Plus qu’une compétition, une célébration culturelle

Au-delà des compétitions diffusées en direct, le festival proposait un espace retrogaming particulièrement apprécié. Consoles des années 80 et 90, bornes d’arcade, cartouches poussiéreuses : un véritable voyage dans le temps qui a séduit les visiteurs de tous âges. Les plus jeunes découvraient avec étonnement les graphismes pixelisés de leurs aînés, tandis que ces derniers retrouvaient avec émotion les sensations de leur adolescence.

La section dédiée aux studios indépendants de Nouvelle-Aquitaine offrait également une vitrine précieuse aux créateurs locaux. Plusieurs développeurs ont pu présenter leurs projets en cours, échanger avec le public et même recruter des beta-testeurs. Une opportunité rare dans une région où l’industrie du jeu vidéo peine encore à atteindre la visibilité des pôles parisien ou lyonnais.

Le concours cosplay du dimanche a constitué l’un des moments forts du week-end. Une vingtaine de participants ont défilé sur scène, costumes confectionnés à la main, certains nécessitant plusieurs mois de travail. La reproduction d’un personnage de Zelda: Tears of the Kingdom a particulièrement marqué les esprits, témoignant du talent et de la minutie des passionnés présents.

Des débats qui posent les bonnes questions

Les tables rondes organisées en marge des tournois ont également trouvé leur public.
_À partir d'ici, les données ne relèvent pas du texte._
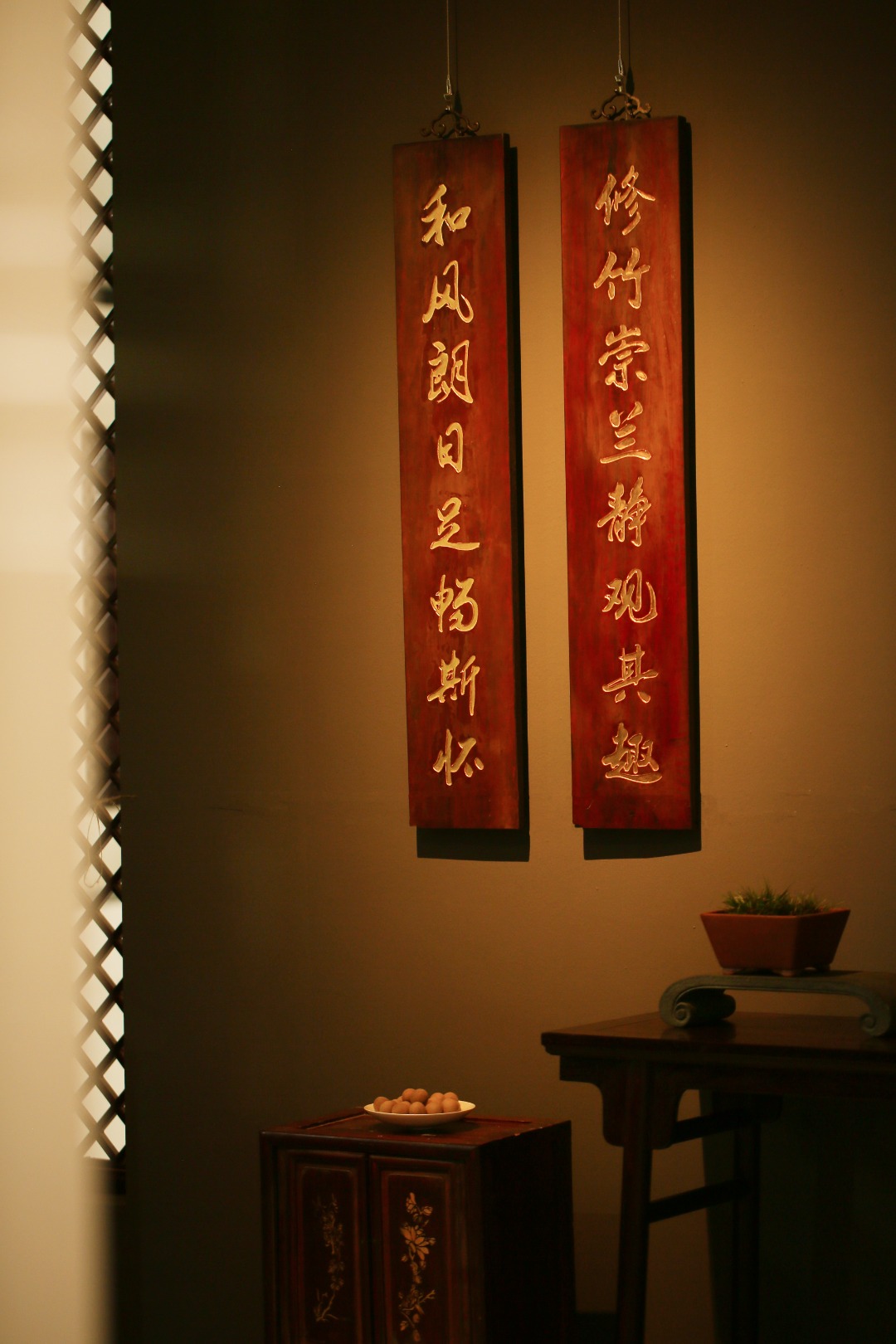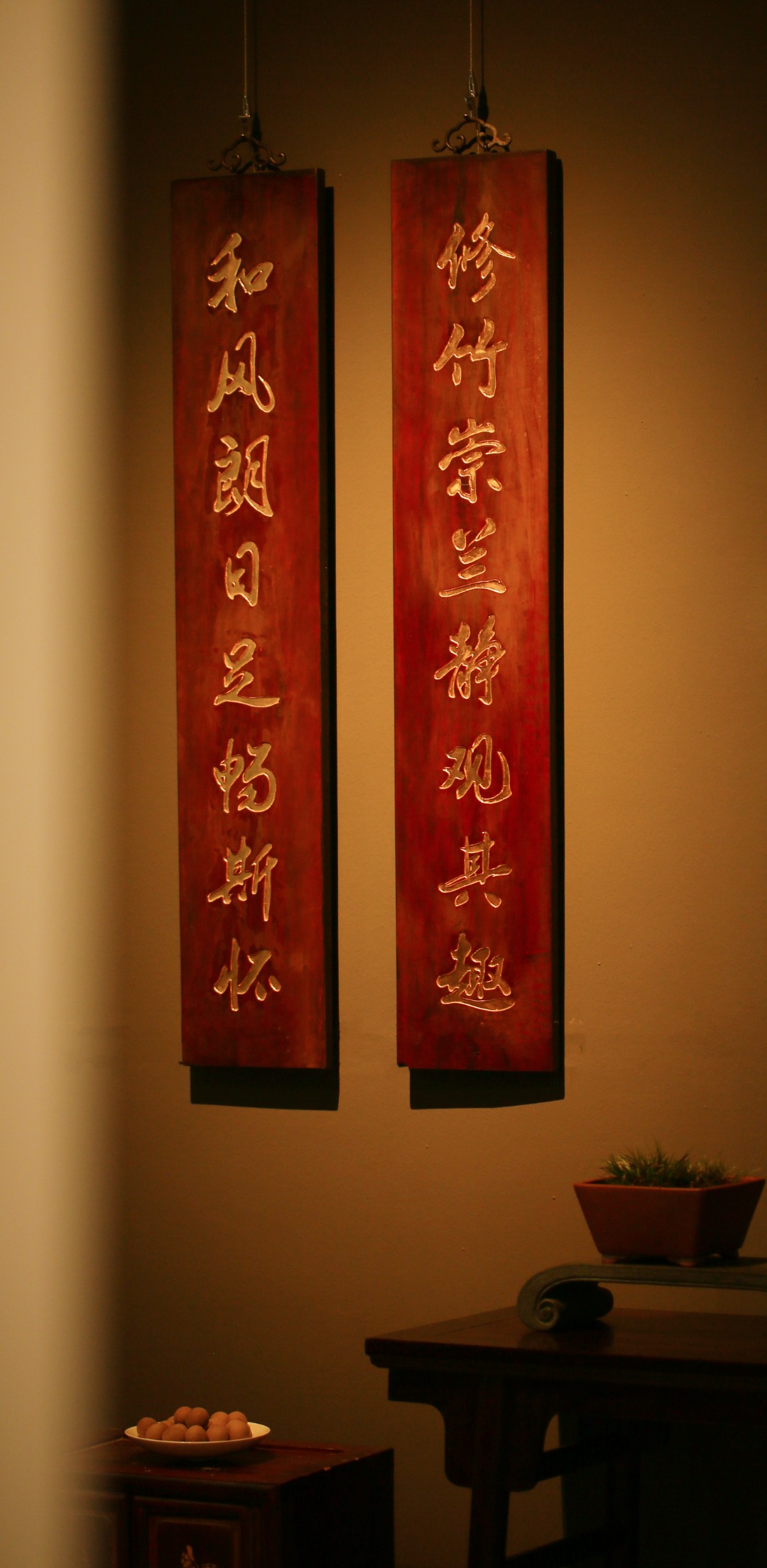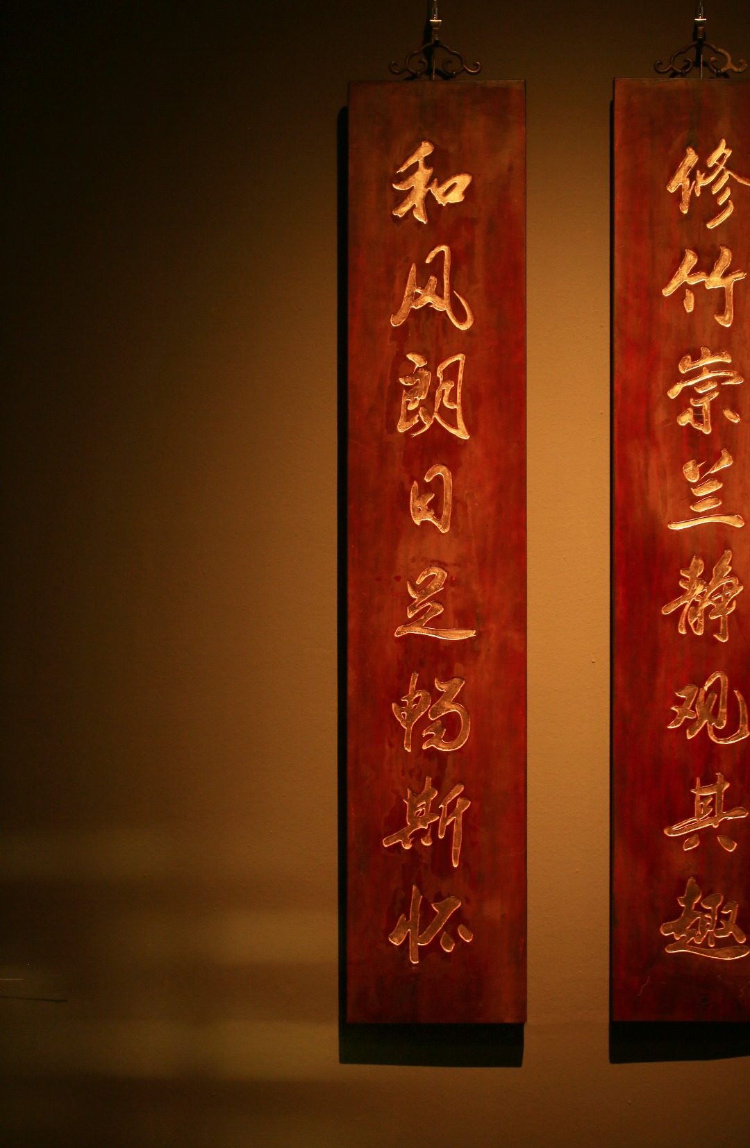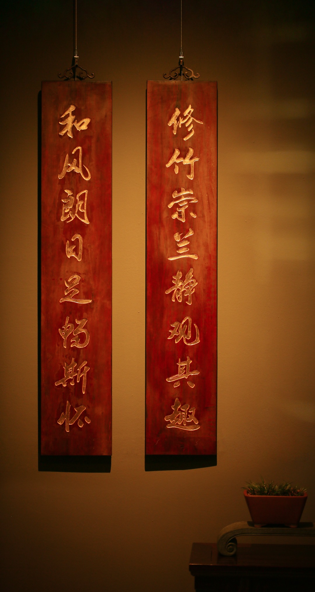 取旧时老板料,手工阴刻对联,金箔漆绘,原皮壳沉着古朴,悬于空间,深得意象真趣,人生理趣,为文房雅室佳选。

Les discussions sur l’avenir de l’eSport en France, la création de jeux indépendants et l’éthique dans le streaming ont attiré plusieurs dizaines de personnes, avides de comprendre les enjeux d’une industrie en pleine mutation.

Ces conférences ont permis d’aborder des sujets rarement évoqués dans les événements grand public : la précarité des joueurs professionnels, les difficultés de financement des studios indépendants, ou encore les dérives potentielles du marketing d’influence. Des échanges de qualité qui ont contribué à donner une dimension réflexive à un événement qui aurait pu se contenter du spectacle.

Des ambitions déjà affichées pour 2026

Côté chiffres, l’organisation revendique 3 200 visiteurs sur deux jours, près de 500 participants aux différents tournois et vingt-deux exposants. Des résultats encourageants pour les équipes de CritiqueJeu, qui annoncent déjà vouloir reconduire l’événement l’année prochaine, avec un format élargi. Paul Lenglet évoque notamment l’ajout de nouvelles disciplines et la création d’un espace professionnel dédié aux studios régionaux.

Cette volonté d’expansion témoigne d’une certaine confiance, mais soulève aussi des questions. Le modèle économique du festival, basé sur la gratuité et le sponsoring, sera-t-il soutenable à long terme ? La métropole bordelaise dispose-t-elle des infrastructures nécessaires pour accueillir un événement de plus grande ampleur ? Autant d’interrogations auxquelles la prochaine édition devra répondre.

Reste à savoir si Bordeaux parviendra à s’imposer durablement sur une scène eSport française déjà bien établie ailleurs. Mais pour une première, le pari semble en tout cas tenu. Le CritiqueJeu Gaming Festival a démontré qu’il existait un public, une envie et un potentiel dans le Sud-Ouest. À suivre.